Record rainfall and flooding in Queensland earlier this year has sent water streaming through many of Australia’s inland river systems, including Coopers Creek, which flows through two states into the Lake Eyre basin. ”
http://www.timesonline.co.uk/tol/news/world/article7119232.ece

ShrNfr
May 7, 2010 3:03 pm

Its dead Jim. As for evamjones, your measurements are constrained by the orbit of the satellite. In any case, the areas near the poles have a high albedo due to snow cover or ice cover most of the time. Clouds over Antarctica warm it since the clouds have a lower albedo than the snow cover does.

RockyRoad
May 7, 2010 3:09 pm

: One could say riding a motorcycle is also an example of this “unstable equilibrium” of which you speak; it is analagous to balancing a rake on your hand.
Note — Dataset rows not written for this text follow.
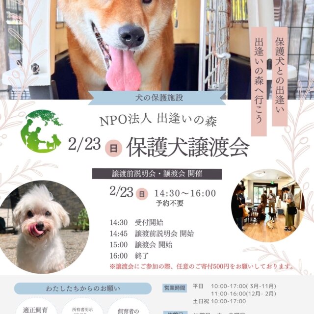 出逢いの森の犬たちの譲渡会を開催します!
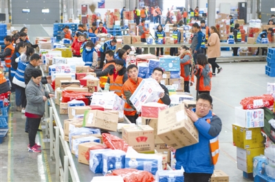 “双十一”当天,天津市武清区的仓库内,工作人员正在分拣包裹。 本报记者 王伟伟 摄
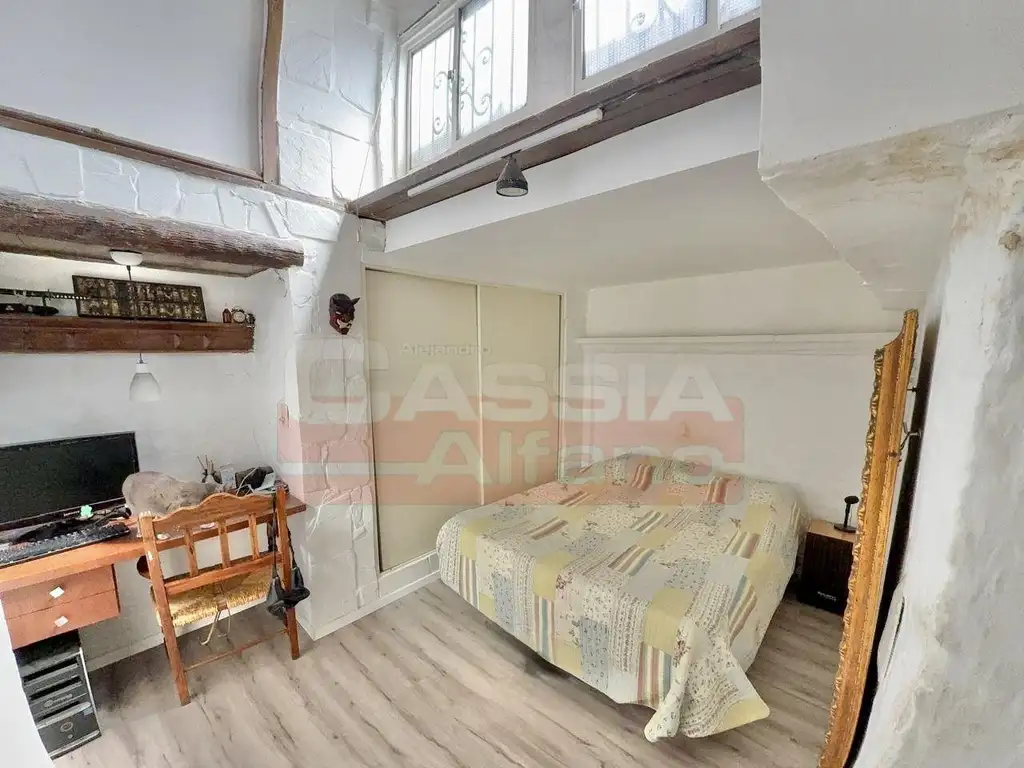 PLANTA BAJA muy bien distribuida con Amplio Living/comedor, estilo mediterráneo, Cocina independiente con Bajo mesada, amplio ventanal que le permite un muy buen ingreso aire/luz, termotanque independiente, bacha y espacio para heladera. Hall distribuidor de estilo, con hogar, Un amplio dormitorio principal con placard y ventanal super luminoso. Un baño integramente reciclado paredes en microcemento, espacios compartimentados con vanitory y bañera, griferias de primera. Un dormitorio pequeño con division tipo escritorio. Acceso a la PLANTA ALTA por escaleras, detalles de barandas de hierro forjado que brindan un ambiente único y original con pisos porcelanato en desnivel "a nuevo", super luminoso y ventilado que puede utilizarse como un tercer dormitorio, escritorio, play room o sala de lectura/biblioteca, etc.

I used to do a fair amount of motorcycle riding and was able to keep it enjoyably balanced until the gas gave out (the rake, not so much). However, tell me who or what has put earth’s climate on my motorcycle, or in a vertical position balanced on my hand? I realize this may be stretching it, but the analogy is appropriate. And maybe it is just a matter of semantics, but I don’t see how climate can be hoisted up this “unstable equilibrium” flagpole of yours. Can you supply a more conprehensive explanation?
But say climate was somehow elevated to a significantly higher energy state, from which it fell sometime in the future. Can you offer what constitutes this higher energy state? And should it somehow fall to a lower state, earth won’t warm up–it will cool off and the weather will settle down; the energy driving the climate will have been reduced. The ultimate end is an inhospitable, frozen earth (at least until the sun engulfs us, but that’s a long, long ways off).
But please, enlighten me if I’m wrong.

geo
May 7, 2010 3:14 pm

I agree with whoever said 7 years isn’t enough to be conclusive, even if it is almost twice as much as PIOMAS tries to use for ice volume, and AGWers seem to find it strangely compelling.
But if you read Roy’s latest book, it’s clear as he says that he’s not trying to *end* the AGW debate in scientific circles –he’s trying to get an open-minded debate *started* in those circles.

Al Gore's Holy Hologram
May 7, 2010 3:15 pm

I doubt the 0.6C rise is even accurate considering the way measurements have been taken and changed over more than a century and how urban dimming effects were higher in the past than present. More like a 0.25C rise.